Now ain't that useful. From time to time you have to part with an old disk, but of course, you're rather make sure it is properly erased of all its data before handing it off.
Well, what do you know, since 2001, nearly every HDD under the sun comes with a Secure Erase feature, as it is
part of the ATA standard.
The even better news is that
hdparm
fully supports it (is there anything hdparm can't do?), thus, if you're on Linux and you need to
securely erase all the data from a drive, all you need to do, say, if your disk is /dev/sdb, is:
# hdparm --user-master u --security-set-pass p /dev/sdb
security_password="p"
/dev/sdb:
Issuing SECURITY_SET_PASS command, password="p", user=user, mode=high
# hdparm --user-master u --security-erase p /dev/sdb
security_password="p"
/dev/sdb:
Issuing SECURITY_ERASE command, password="p", user=user
After a while, you should find that your drive has been securely erased. Neat!
VERY IMPORTANT NOTE: If you want to reuse the drive after the secure erase is complete, you
MUST issue the following command to remove the lock.
# hdparm --security-disable p /dev/sdb
security_password="p"
/dev/sdb:
Issuing SECURITY_DISABLE command, password="p", user=user
This is because, if you don't disable security, the drive will be kept
locked, which will produce ATA/SATA interface errors and prevent any write access!

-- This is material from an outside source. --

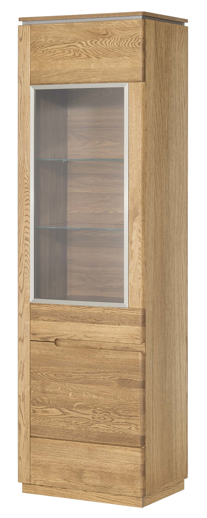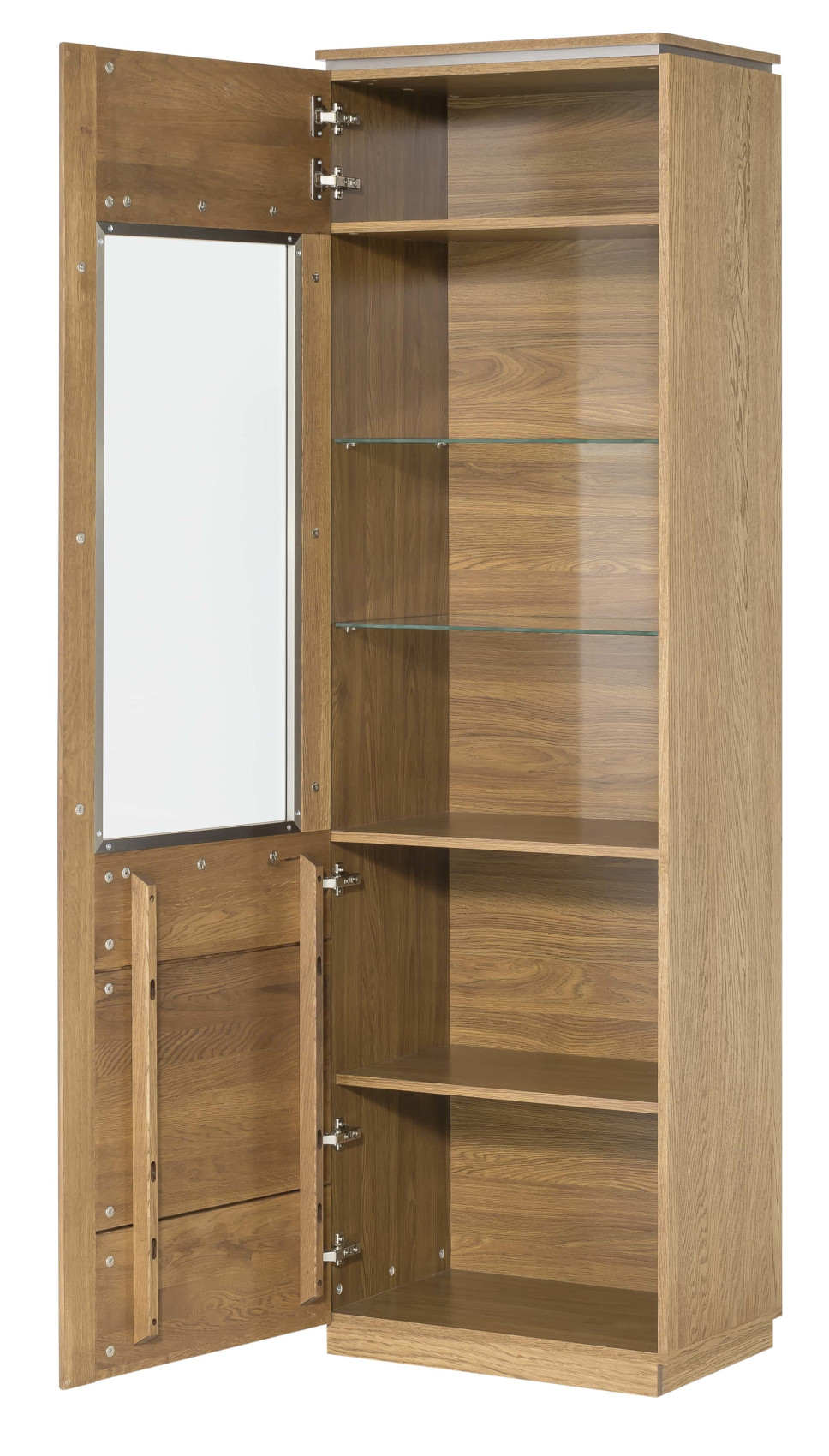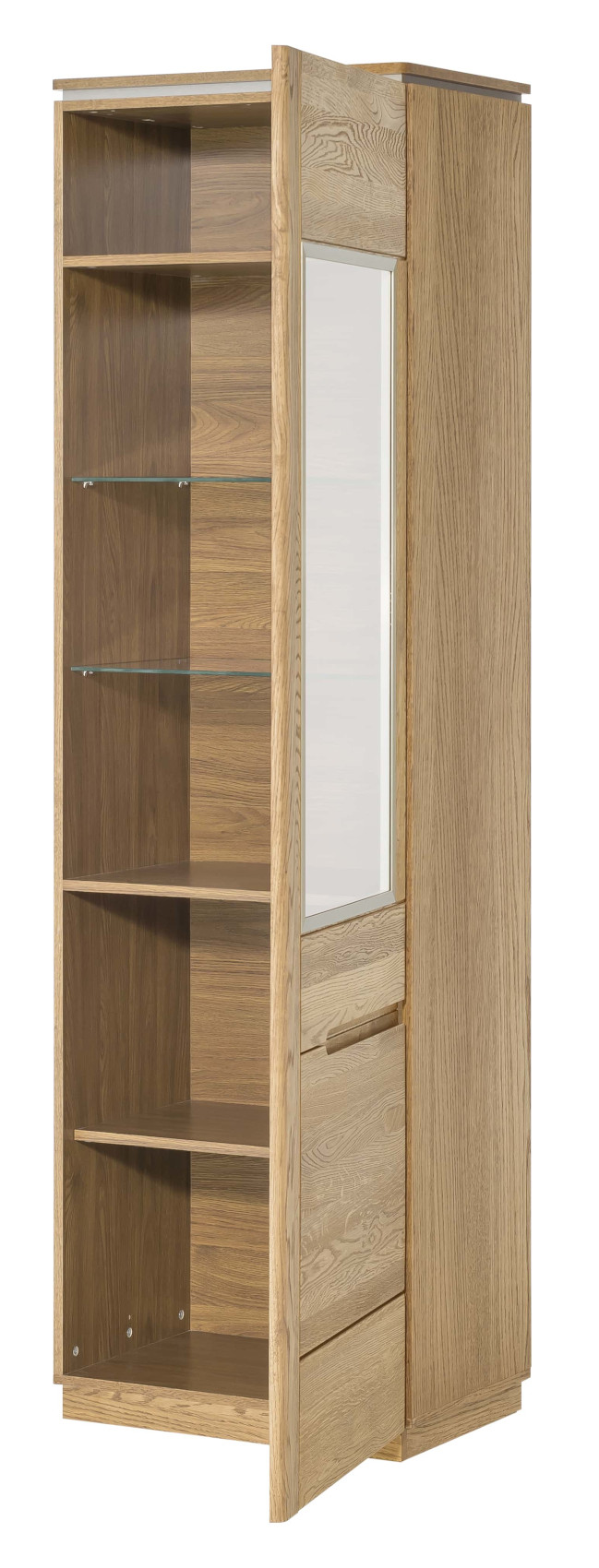 Moderní vitrína Montenegro vás zaujme svým elegantní designem. Přední část je vyrobena z masivního dubové dřeva a korpus z přírodní dubové dýhy. Jedinečným prvkem celého systému jsou kovové detaily pod horní deskou.

Note that if you want to find out whether the security erase/enhanced erase feature is supported at all, as well as how long that erasing is going to take, you probably want to issue the following beforehand:
~# hdparm -I /dev/sdb
/dev/sdb:
ATA device, with non-removable media
Model Number: SAMSUNG HD322GJ
Serial Number: XXXXXXXXXXXXXX
Firmware Revision: XXXXXXXX
Transport: Serial, ATA8-AST, SATA 1.0a, SATA II Extensions, SATA Rev 2.5, SATA Rev 2.6
(...)
Security:
Master password revision code = 65534
supported
not enabled
not locked
not frozen
not expired: security count
supported: enhanced erase
48min for SECURITY ERASE UNIT. 48min for ENHANCED SECURITY ERASE UNIT.